Exercise instructions: Leaving out the pictures, retype exactly the lines from the one holding "شکلاتخوری چینی شش" through the end of the material.

Recorded information START

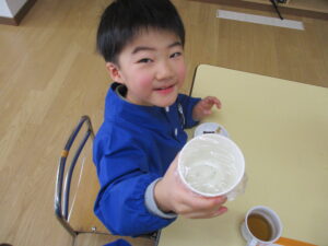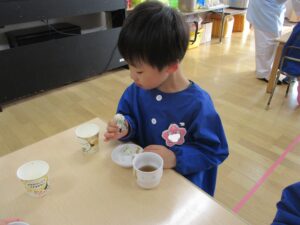 10月のお誕生会でも経験済みのシャカシャカおにぎり。紙コップにほっかほかのご飯を入れて、カップをシャカシャカ振ります。
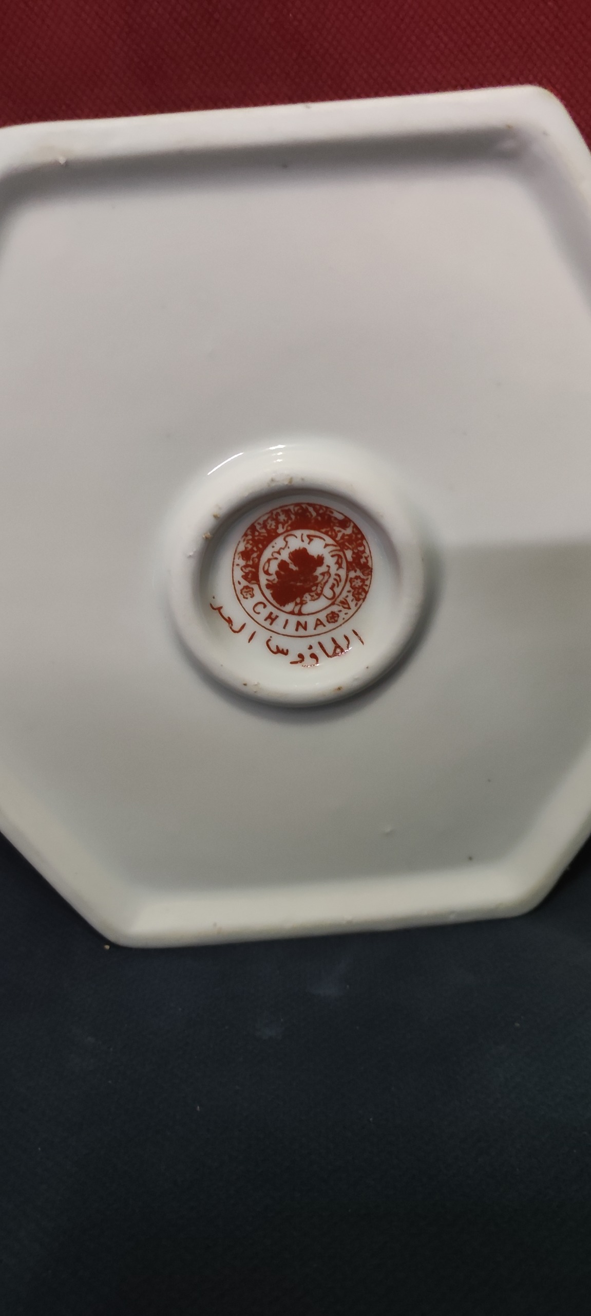 شکلاتخوری چینی شش ضلعی طرح کالسکه قدیمی، آنتیک و کلکسیونی
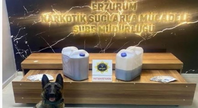 Erzurum Emniyet Müdürlüğü Narkotik Suçlarla Mücadele Şube Müdürlüğü ve İstihbarat Şube Müdürlüğü görevlilerince yapılan operasyonda 30 kilogram 50 gram likit metamfetamin ele geçirildi.
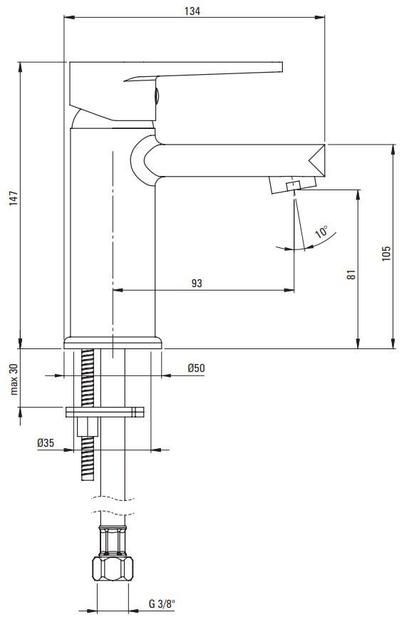 Высота смесителя - 147 мм,

Recorded information END

Your response:
 شکلاتخوری چینی شش ضلعی طرح کالسکه قدیمی، آنتیک و کلکسیونی
 Erzurum Emniyet Müdürlüğü Narkotik Suçlarla Mücadele Şube Müdürlüğü ve İstihbarat Şube Müdürlüğü görevlilerince yapılan operasyonda 30 kilogram 50 gram likit metamfetamin ele geçirildi.
 Высота смесителя - 147 мм,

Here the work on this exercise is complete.